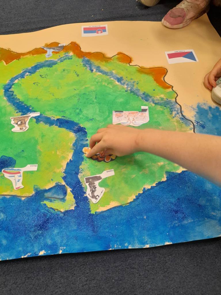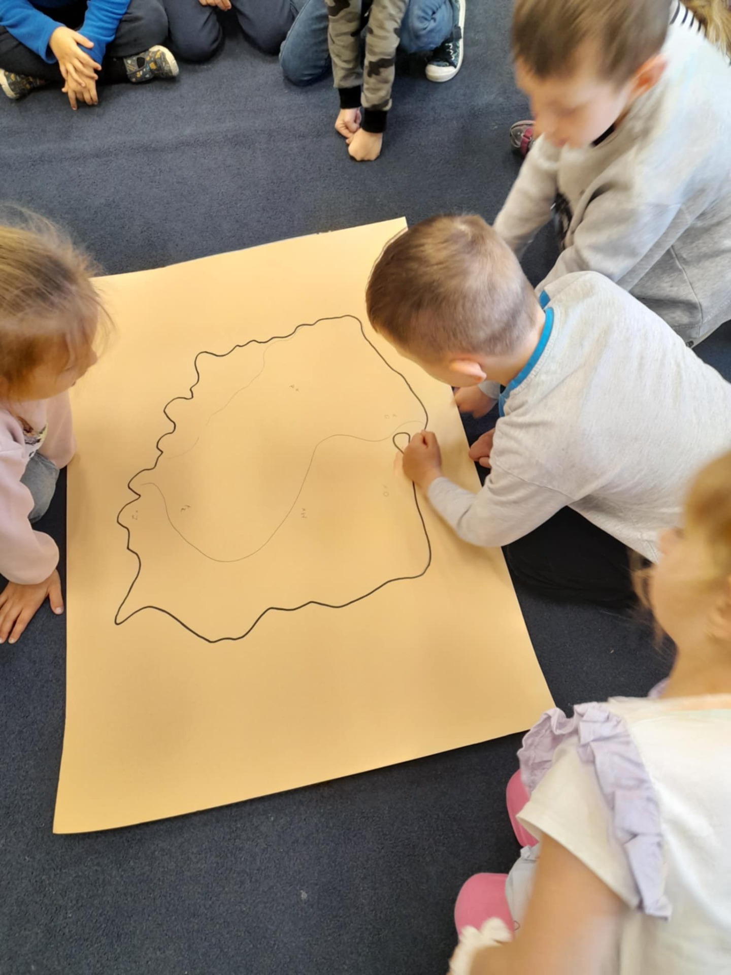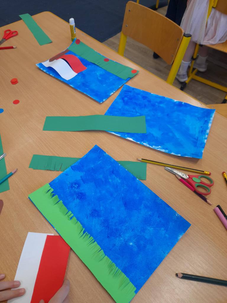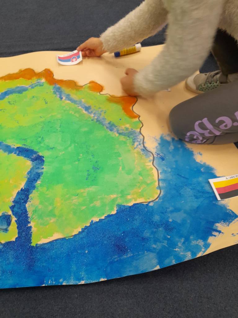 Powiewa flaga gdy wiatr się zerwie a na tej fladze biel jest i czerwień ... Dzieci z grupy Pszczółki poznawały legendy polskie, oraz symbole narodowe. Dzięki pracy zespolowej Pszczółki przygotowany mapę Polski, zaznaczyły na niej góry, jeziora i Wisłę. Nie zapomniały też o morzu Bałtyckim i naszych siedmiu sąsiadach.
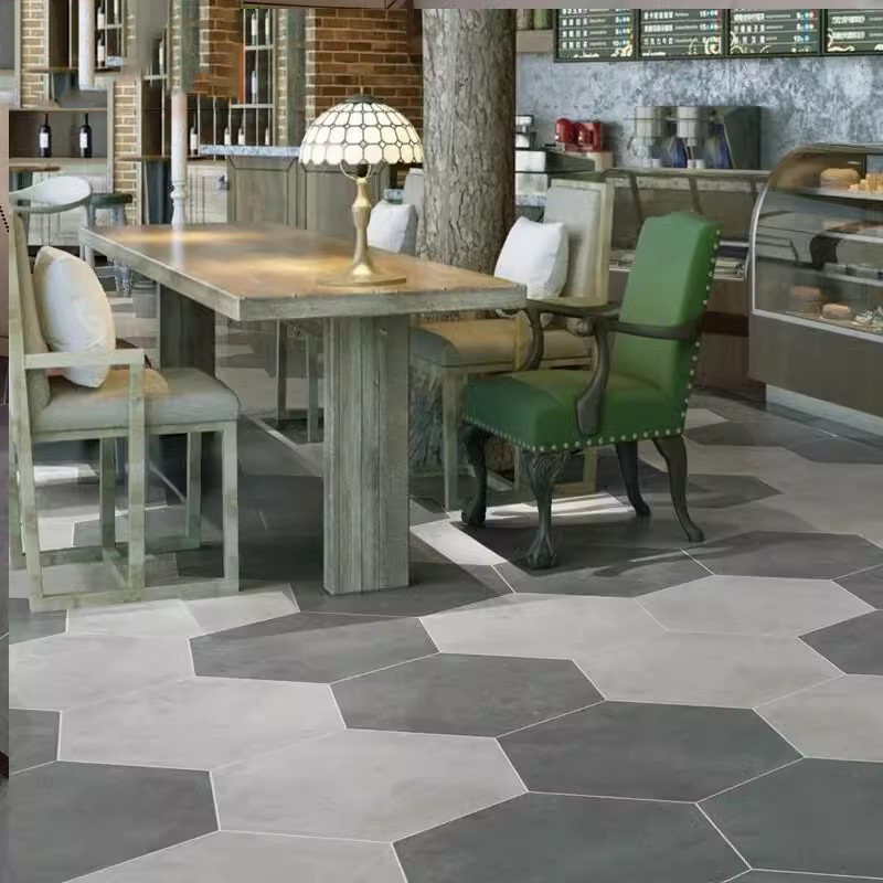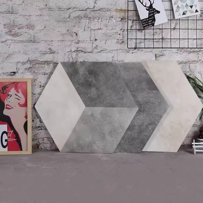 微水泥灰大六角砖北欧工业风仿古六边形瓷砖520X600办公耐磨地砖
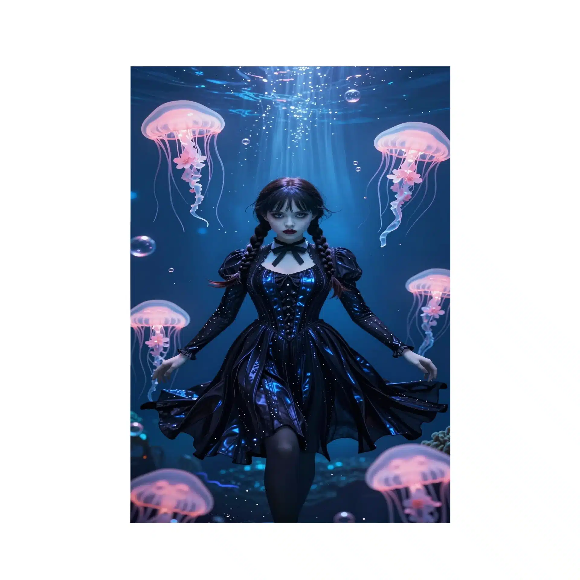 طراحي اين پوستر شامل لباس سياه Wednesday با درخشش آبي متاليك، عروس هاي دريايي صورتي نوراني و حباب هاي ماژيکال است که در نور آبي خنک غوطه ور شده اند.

____

ABOUT THIS EXERCISE
Begin at the line containing "微水泥灰大六角砖北欧工业风仿古六边形瓷砖520X600办公耐磨地砖" and restate exactly every line through the end of the material, skipping the pictures.

EXERCISE OUTPUT
 微水泥灰大六角砖北欧工业风仿古六边形瓷砖520X600办公耐磨地砖
 طراحي اين پوستر شامل لباس سياه Wednesday با درخشش آبي متاليك، عروس هاي دريايي صورتي نوراني و حباب هاي ماژيکال است که در نور آبي خنک غوطه ور شده اند.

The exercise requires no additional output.